Task brief:
Among the entries that follow, locate the line with "Shine bright with" and the line with "看板によると、枚方市駅中央改". Output those lines and all lines in between, exactly, minus the pictures.

Supplied material:
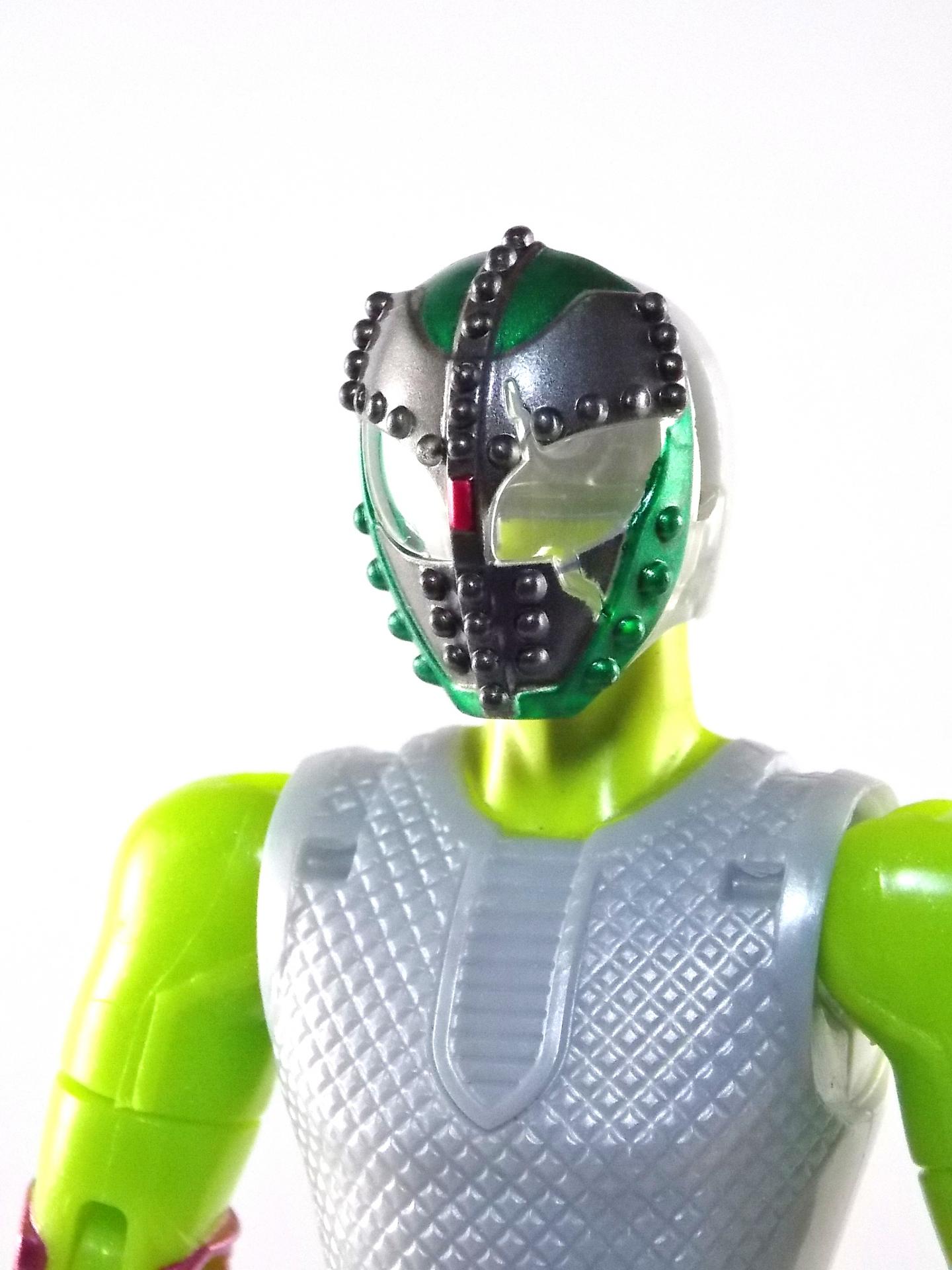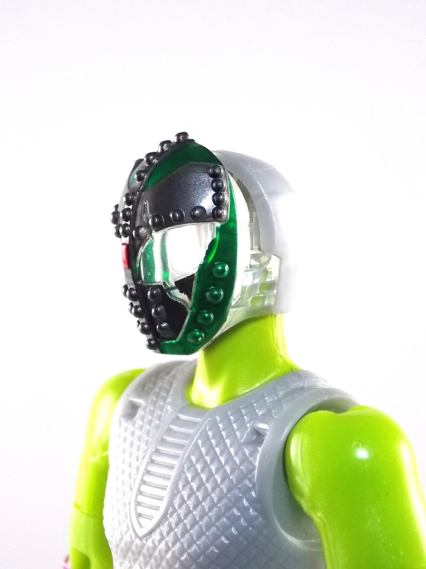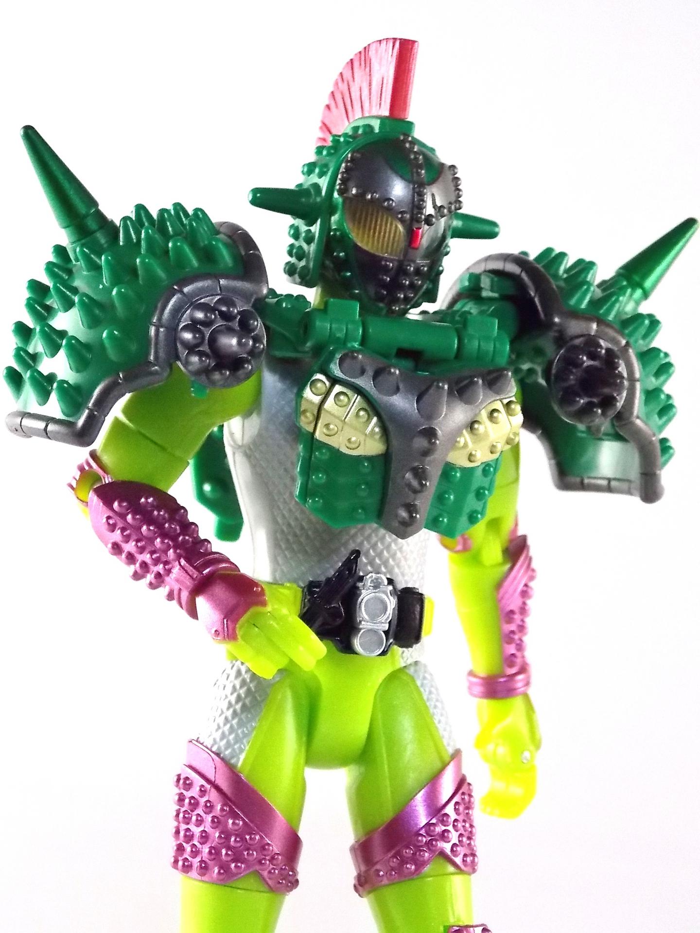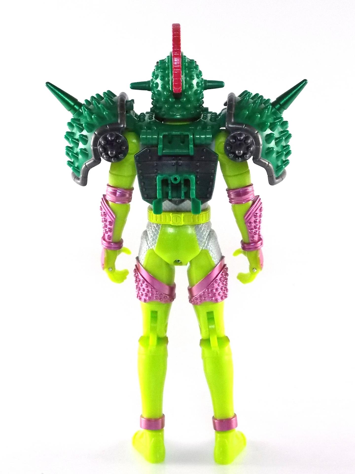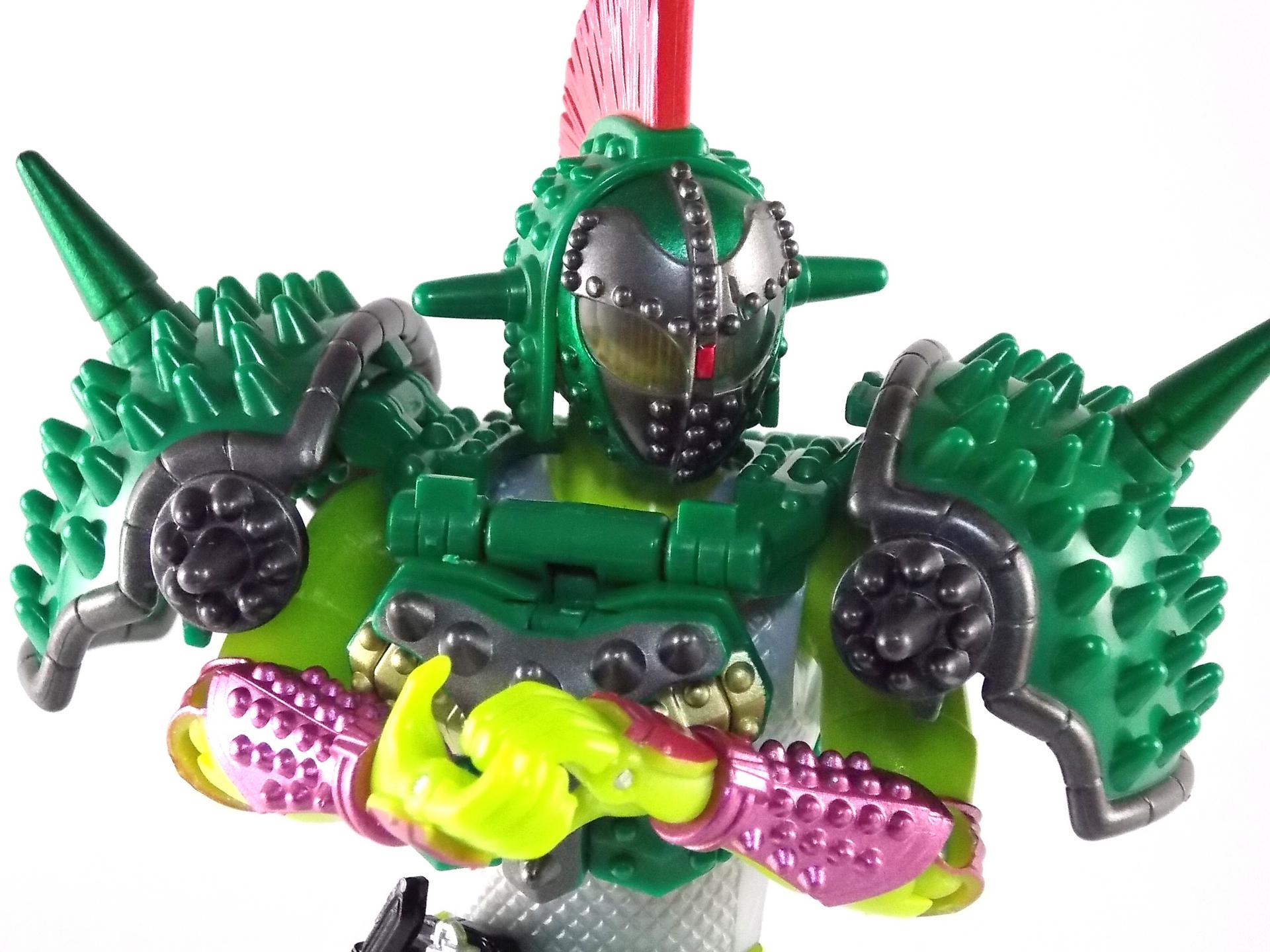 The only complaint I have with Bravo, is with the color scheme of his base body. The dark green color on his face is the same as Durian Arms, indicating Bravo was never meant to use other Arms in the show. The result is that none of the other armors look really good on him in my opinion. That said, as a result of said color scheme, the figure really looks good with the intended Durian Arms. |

* * *

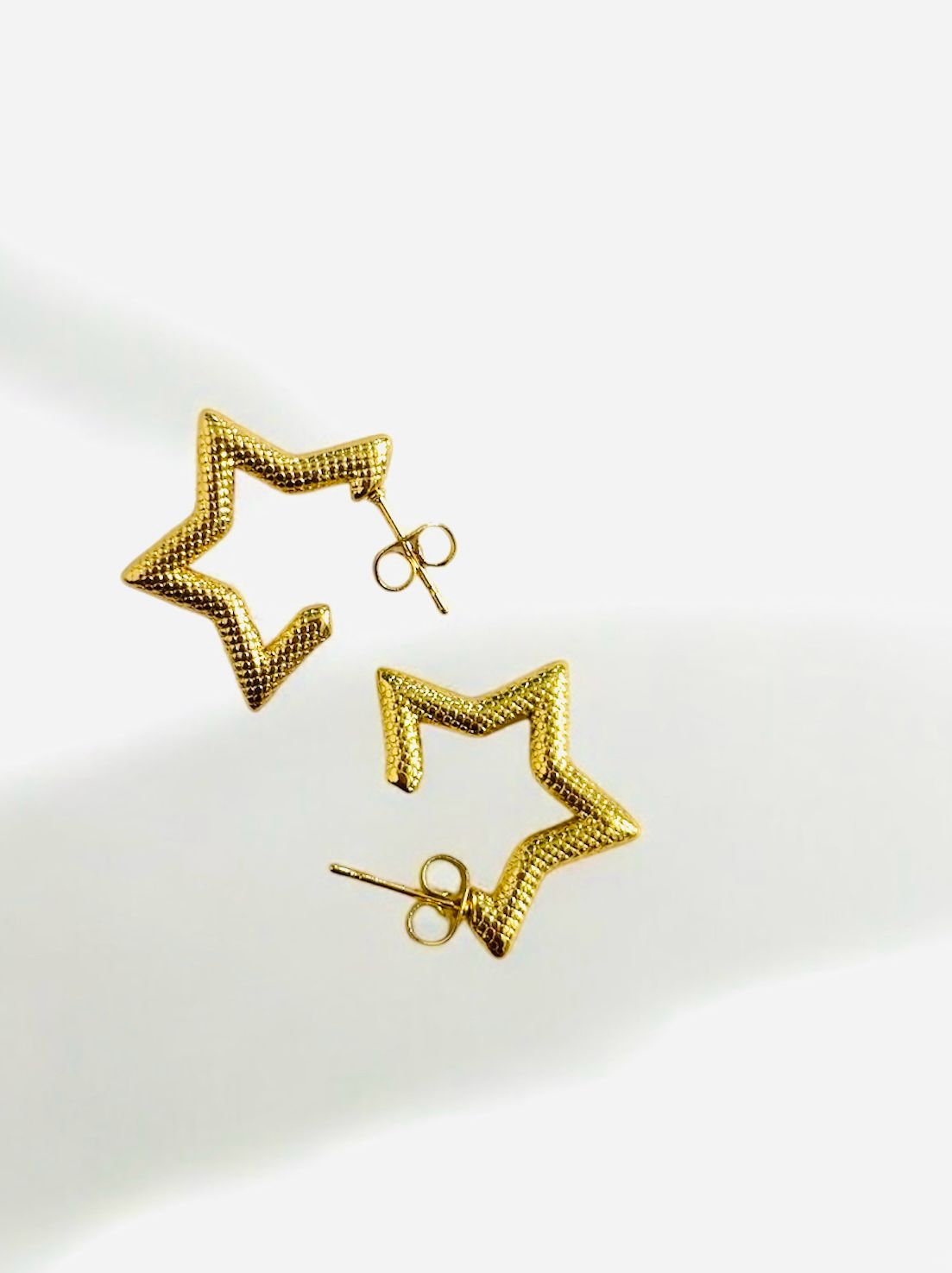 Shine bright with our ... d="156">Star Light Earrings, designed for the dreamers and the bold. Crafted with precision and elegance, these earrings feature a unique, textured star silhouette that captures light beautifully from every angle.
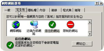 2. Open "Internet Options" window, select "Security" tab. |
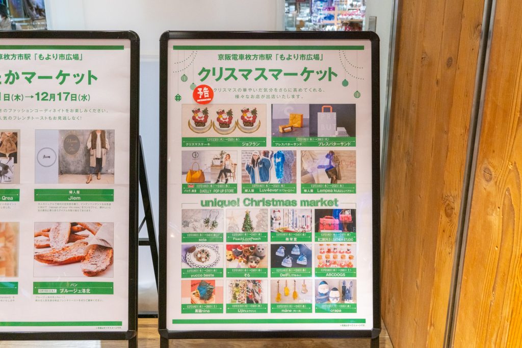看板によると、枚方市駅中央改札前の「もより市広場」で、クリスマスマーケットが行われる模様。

...

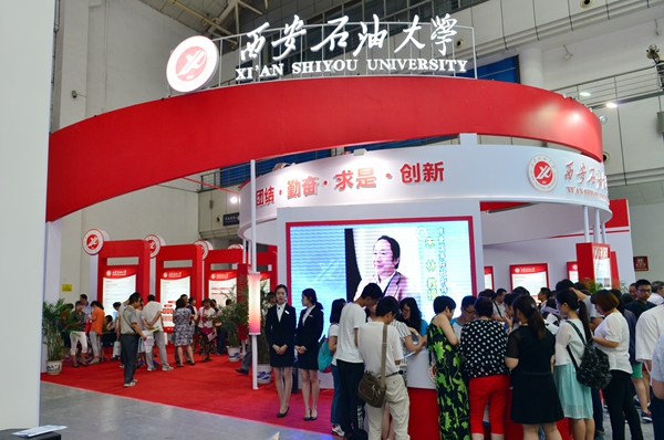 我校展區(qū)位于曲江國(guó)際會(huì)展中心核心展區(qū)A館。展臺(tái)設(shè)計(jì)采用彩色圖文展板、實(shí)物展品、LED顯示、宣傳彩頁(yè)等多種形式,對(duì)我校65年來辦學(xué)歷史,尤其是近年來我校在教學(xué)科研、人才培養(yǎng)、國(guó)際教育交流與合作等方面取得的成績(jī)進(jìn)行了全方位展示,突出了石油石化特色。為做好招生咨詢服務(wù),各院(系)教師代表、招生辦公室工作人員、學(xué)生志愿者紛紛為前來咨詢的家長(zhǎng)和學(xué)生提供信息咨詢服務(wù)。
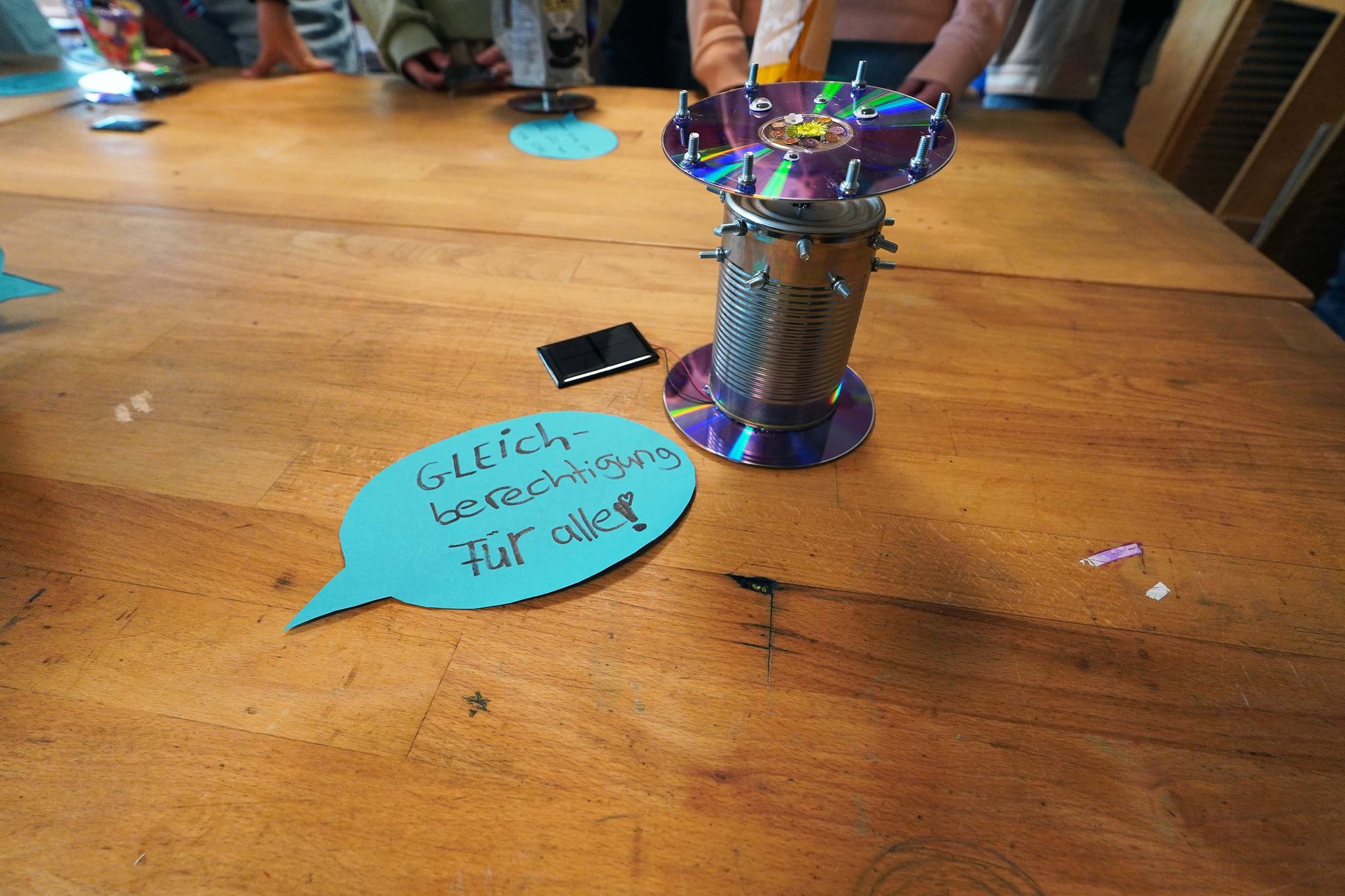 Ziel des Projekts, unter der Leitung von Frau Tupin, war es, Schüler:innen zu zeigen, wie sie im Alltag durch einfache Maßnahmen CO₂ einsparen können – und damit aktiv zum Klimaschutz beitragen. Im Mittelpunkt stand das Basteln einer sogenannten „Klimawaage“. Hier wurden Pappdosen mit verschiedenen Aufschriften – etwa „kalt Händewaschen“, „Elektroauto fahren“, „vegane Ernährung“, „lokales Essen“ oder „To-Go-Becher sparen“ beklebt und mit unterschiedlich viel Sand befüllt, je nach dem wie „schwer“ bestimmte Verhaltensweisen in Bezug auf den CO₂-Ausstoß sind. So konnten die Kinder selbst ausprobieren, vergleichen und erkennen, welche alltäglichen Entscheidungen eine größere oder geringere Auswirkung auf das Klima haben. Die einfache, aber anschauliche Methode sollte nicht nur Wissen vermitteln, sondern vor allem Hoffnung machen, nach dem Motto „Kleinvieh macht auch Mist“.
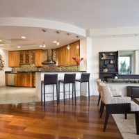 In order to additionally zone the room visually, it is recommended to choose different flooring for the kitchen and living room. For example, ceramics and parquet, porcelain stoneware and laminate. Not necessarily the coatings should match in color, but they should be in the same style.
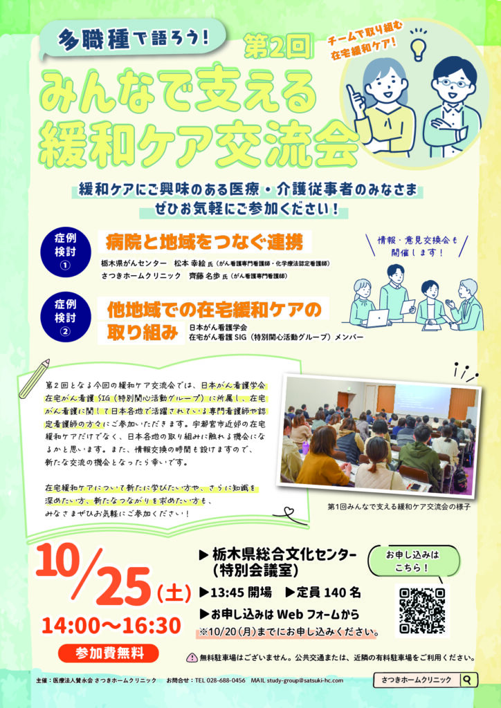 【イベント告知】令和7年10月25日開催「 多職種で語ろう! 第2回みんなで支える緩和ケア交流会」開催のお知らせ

Task solution:
 Shine bright with our ... d="156">Star Light Earrings, designed for the dreamers and the bold. Crafted with precision and elegance, these earrings feature a unique, textured star silhouette that captures light beautifully from every angle.
 2. Open "Internet Options" window, select "Security" tab. |
看板によると、枚方市駅中央改札前の「もより市広場」で、クリスマスマーケットが行われる模様。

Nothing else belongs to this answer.